Me inside - Sun: With luck, focus and a bit of help I achieve the things most important to me.
Around me - Mourner: People are pouring their energy into a black hole - wasting time and resources. (Or does this actually refer to mourning?)
Hopes/Fears - 9 Penticales: I fear being stuck, left behind and overlooked. I hope I don't have to be selfish to get what I want nor gain it at others expense.
Outcome - 2 Cups: Partnership, harmony.

As a reading that's not as freaky and nasty as the one I did just before Winterfest, but it still contains elements of it. Hm.

I haven't really written in here since burbling about not feeling 'Christmas-y' on the Eve of that festival.

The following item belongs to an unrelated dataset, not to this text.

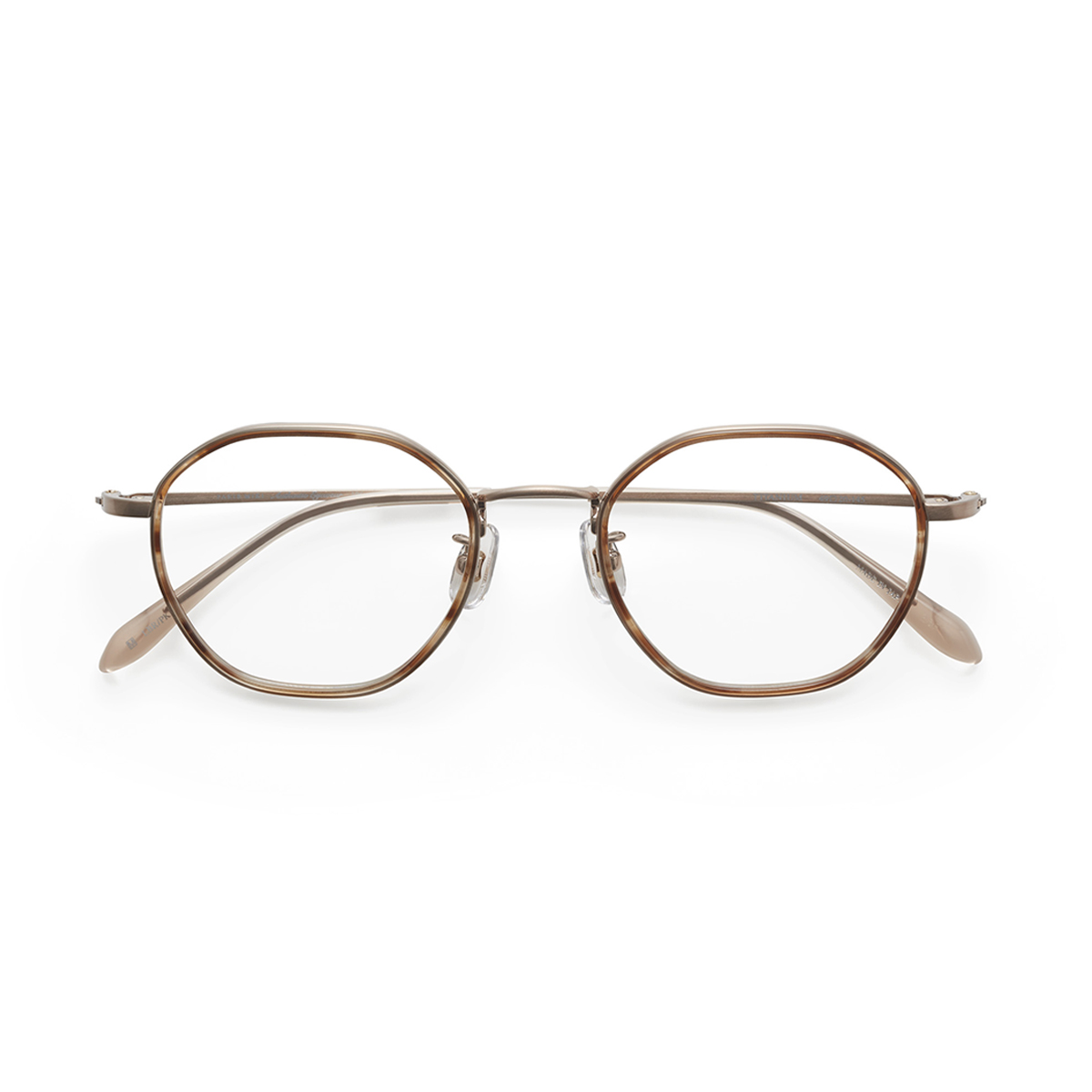 男女共に似合いやすいオクタゴン(8角形)のレンズシェイプは、レンズラインの角を柔らかく落としながら掛けこなしやすいデザインにまとめています。

I would like to report in the interest of fairness that come the morning when I was wrapped up warm in a nest with a Wolf and opening giftings, I was very happy - and maybe even 'Christmas-y' too =)

Since then I have read many new books, worn shiny new clothes, drawn and painted several new tarot cards, gone to a New Year's party, drunk too much vodka, been pathetically hung over, and drawn yet more tarot cards.

Life is currently (if you couldn't guess) quite shiny. My only problem is that I need to look into ways to generate money since I've given up Sunday-bookshop-ing and won't start work on James' admin building wibble for at least a month. *ponders*

2007.
What I've learned...
I'm the anti-christ of my sister's world (sometimes), NPCing can be a lot of fun and cause waaay too much trouble, wool does not like dye, digital cameras are doomy but expensive, money can occasionally have surprisingly elastic qualities, my life fits into 55 cardboard boxes, and that the number of the Beast is in fact 616...

What I've done...
Sewn a lot of costumes and swishy clothes, verbally stabbed someone who probably had it coming, written a lot of script, moved house, drawn story board, had a tattoo, gone to a re-enactor's market, drawn a book jacket, discovered the Malice Effect, bleached my feathers white, gone to Cornwall with a group of Monsters...

Best things...?
Tattoo wings, prince valiant song, script, insane clothes, house money, inexplicably losing weight, malaal, Wolf...

Worst things...?
Having my life in 55 cardboard boxes, the stupid stuff that comes out of rp, not going to the Imperial War Museum, my sister being a pain, my mother being ill, the 99%-of-the-time-time-of-the-month...

What I want to do...?
Finish the scripts and story boards. Finish re-vamping my tarot deck. Get an agent. Get published. Do more screen prints and Projects of Doom. Somehow make money out of all my Projects of Doom. Have a DenNest. To be happy once in a while and make others happy too. To find where reality is thin and *push*. To be eight stone (or less) and stay that way... And not to make any of the mistakes I've made in the past.